The principles of integration remain largely the same: make an HTTP request (or use an SDK) to the AI service, pass your input, and process its output.

Ready to get our hands dirty? Let’s start coding!

Step-by-Step Implementation: Building Our AI API

We’ll build a simple API that takes a text prompt and returns a generated response from a hypothetical AI service.

1. Setting Up Your Project

First, let’s create a new directory for our project and initialize it with Void Cloud and Node.js.

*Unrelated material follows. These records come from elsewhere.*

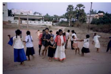
Die Kinder beim Musizieren und beim Spielen im Freien

Vielen Dank, dass Sie diese wertvolle Arbeit ermöglichen durch Ihr Interesse, Ihre finanzielle Unterstützung, Ihre Weiterempfehlung und Ihr Gebet! Mit Ihren Fragen und Anregungen können Sie sich jederzeit über die angegebenen Kontaktmöglichkeiten an uns wenden.
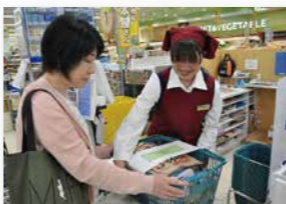
● 株式会社マツモト
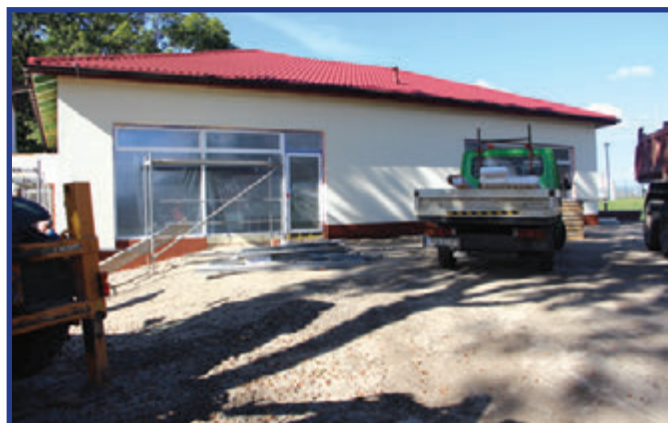
Obecny stan rozbudowywanej części placówki.
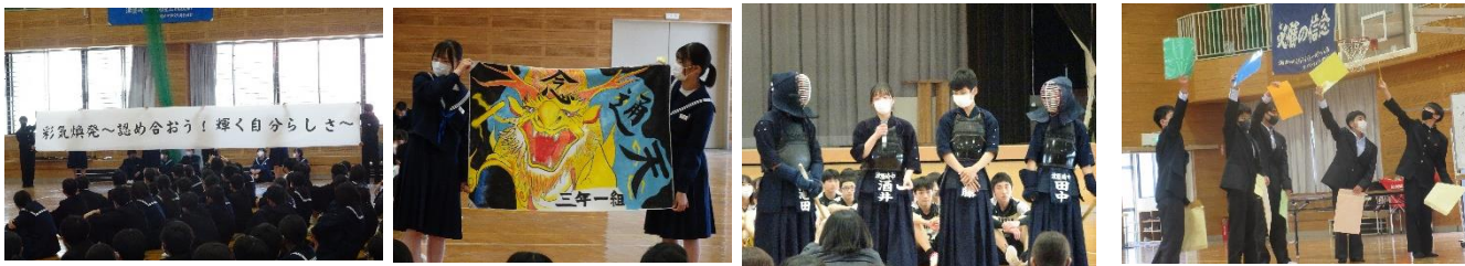
「生徒会テーマ発表」 「学級旗披露」 「部活動紹介」 「ブロック抽選」

4月13日(木)に、入学したばかりの1年生と2・3年生の対面式・部活動紹介を行いました。対面式では、歓迎の言葉と誓いの言葉、生徒会テーマ『彩気煥発～認め合おう！輝く自分らしさ～』の発表、生徒会活動の紹介など、部活動紹介はそれぞれの部活のパフォーマンスを交えた活動の紹介がありました。また、体育祭に向けてのブロック決めもあり、とても盛り上がりました。1年生は早く津屋崎中学校のことを知り、その一員として頑張ってもらいたいと思います。
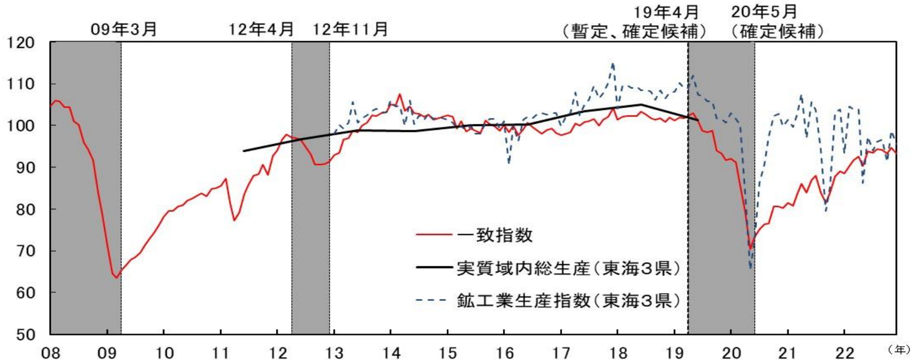
図表6-2 CI一致指数（東海3県、2015年=100）とIIP（東海3県、2015年=100）と実質GRP（東海3県計、2015年=100）の比較
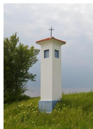
Boží muka nad Ždánicemi
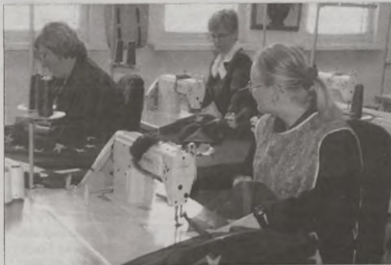
W trakcie spotkania uczestnicy zwiedzali warsztaty szkoleniowe

Uczestnicy dni otwartych mogli także zwiedzić warsztaty szko-
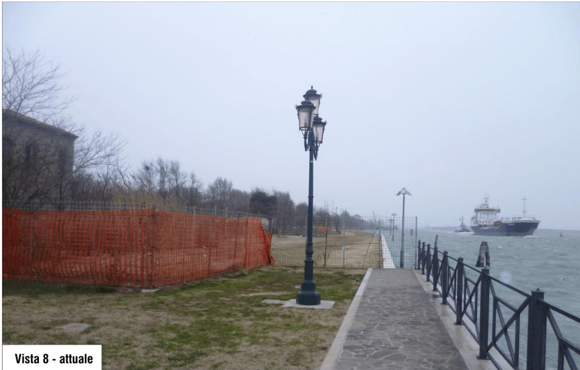
Vista 8 - attuale

  1. Create Project Directory:

    mkdir void-ai-api
    cd void-ai-api
    
  2. Initialize Node.js Project:

    npm init -y
    

    This creates a package.json file with default values.

  3. Install Dependencies: We’ll need TypeScript for development and node-fetch to make HTTP requests to our AI service. We’ll also need @types/node for Node.js type definitions.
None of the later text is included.